If Only They Could Talk was published by Michael Joseph in 1970 — Herriot’s first book, written when he was already fifty-four. The story begins with young James Herriot arriving in the fictional town of Darrowby to interview for a position as assistant to Siegfried Farnon, and follows his first months in the practice as he learns the realities of large-animal veterinary work in a remote farming community.
The book is shorter and slightly rougher than the later volumes — Herriot had not yet fully polished his formula — but it contains some of his best material: the terrifying first encounters with hostile bulls and difficult calvings, the bewildering personality of Siegfried Farnon, and the gradual winning of trust from farmers who initially regarded the young Glaswegian vet with deep suspicion. The Yorkshire landscape in winter — the snow-blocked roads, the freezing barns, the beauty visible even in discomfort — is evoked with the freshness of first encounter.
This is the book that almost wasn’t published. Herriot had been submitting manuscripts unsuccessfully for years before Michael Joseph’s reader spotted the quality. The initial print run was modest, and the book’s success built slowly through word of mouth in Britain before the American omnibus edition exploded internationally.
Collecting If Only They Could Talk
First edition (Michael Joseph, London, 1970): Cloth with dust jacket by Larry Rostant.
Market values:
- UK first edition, fine/fine: $500–$1,500
- Very good/very good: $200–$500
- Signed (very scarce in first edition): $1,500–$3,000
Projected values (2026–2036): Very strong appreciation. This is the true first edition of the first Herriot book and is extremely scarce in collectible condition.
Frequently Asked Questions
Why is the UK first edition so much more valuable? If Only They Could Talk was published by Michael Joseph in 1970 in a small print run. It was Wight’s debut and received modest attention.
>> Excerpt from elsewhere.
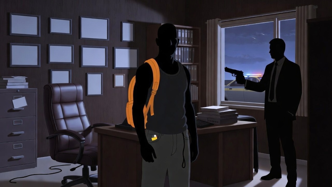O policial pega. Abre. Olha. É um currículo de verdade. Nome de Jota. Experiência inventada. Formatação ruim.

The explosion of popularity came after the US omnibus All Creatures Great and Small became a bestseller in 1972. By then, original UK first editions had been read, discarded, or damaged, making them genuinely rare.
How did Wight come to write the books? Wight began writing in his fifties, encouraged by his wife Joan. He spent years on rejected manuscripts before developing the memoir format that combined veterinary anecdotes with Yorkshire character studies. The success was immediate once the right publisher and market (American readers enchanted by English country life) were found.